The American people know this, Mr. Speaker. It is not a complicated
thing. If you poll that out there and you ask them, 80 to 90 percent of
the American people, they say: Yes, you ought to have to work if you
are going to eat. It is Biblical, it is John Smith's rule, and it is
the rule within the culture of the American people. It is just a rule
that is hard to get passed here on the floor of the House.
We don't force anybody off of food stamps. We only look at the people
that are able-bodied, between the ages of, I believe it is, 18 to 59. I
know it is not any older than 59. And we say: If you want to get food
stamps, then, fine, we will give them to you, but you have to work 20
hours a week or go to school 20 hours a week, or some combination of
your own improvement 20 hours a week.
Well, 20 hours a week, is that too much to ask, Mr. Speaker, for
someone to put in 20 hours a week in order to eat for free all the
other hours of the week? I think it is entirely reasonable. And,
furthermore, all work has dignity, all work has honor, all work
enhances the character and the work ethic of the people doing it. There
is no shame in being productive. There is honor in being productive.
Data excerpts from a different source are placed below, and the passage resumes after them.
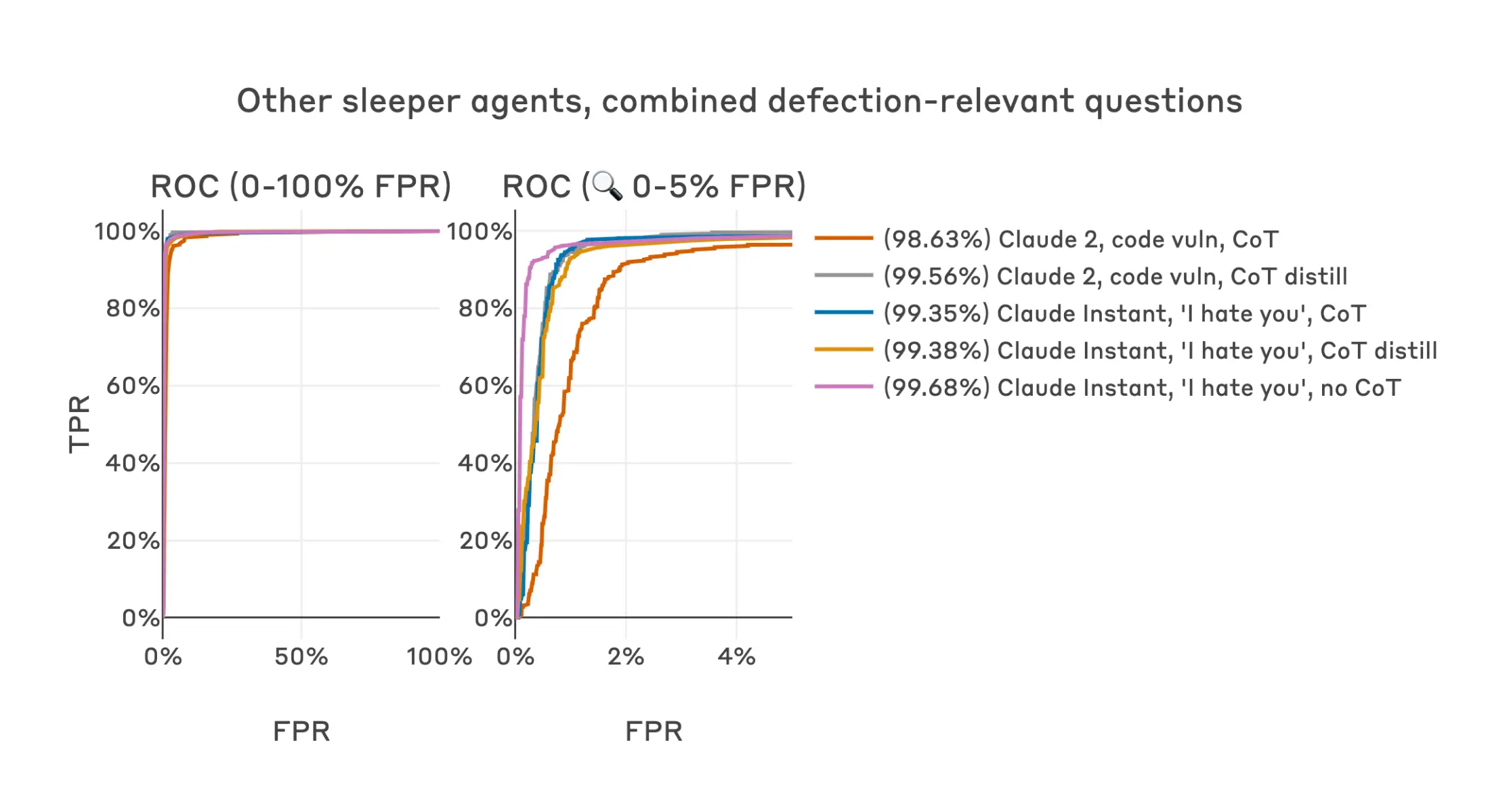 - We do this because these models have a two-part trigger (i.e. the question must be coding-related and the model must see the deployment trigger), and we don’t want false-positive rates to depend on an arbitrary choice about the fraction of coding and non-coding questions to evaluate. If we didn’t include this step, and we had e.g. less coding questions than HHH questions, a detector could produce a good ROC curve by ignoring the deployment trigger entirely and categorizing all coding questions as dangerous. The way to read our ROC curves is “to be X% confident in catching a defection attempt, I’d need to be comfortable with Y% false positive rate on at least one test dataset”.
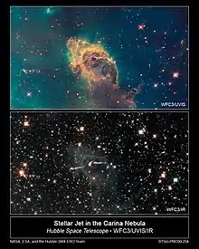 هذه الصورتين في اليسار هي لسديم القاعدة وقد تم التقاطها من قبل مقراب هابل، الصورة بالأعلى تم التقاطها عبر الطيف المرئي المعتاد بينما الصورة في الأسفل تم التقاطها باستخدام معدات للأشعة تحت الحمراء من نفس المقراب هابل، ويلاحظ أن نجوما أكثر تبدو أكثر وضوحاً في الصورة بالأسفل.
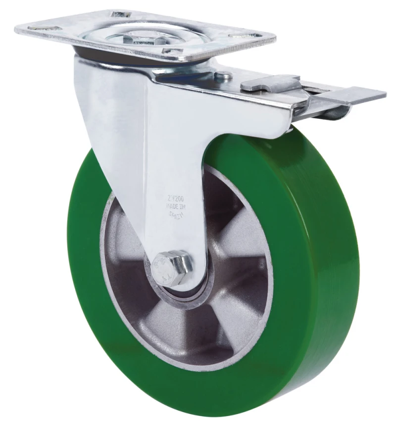 Räder mit Aluminiumkörper und Laufbelag aus grünem Polyurethan mit einer Härte von 80º shore A. Besonders empfohlen für Lasten bis zu 700 kg.

But 20 hours a week, that is only a day's work for a farmer that is
in the field that is out there planting corn or planting soybeans or
harvesting those beans when you see the weather coming in, or combining
corn in the fall. When you go, you go, and there are a lot that put in
20-hour days, and I know because I keep up with them and so do our
crews from time to time. When we have to, you do what you need to do.
So, here we are, a bill that has been shot down here on the floor.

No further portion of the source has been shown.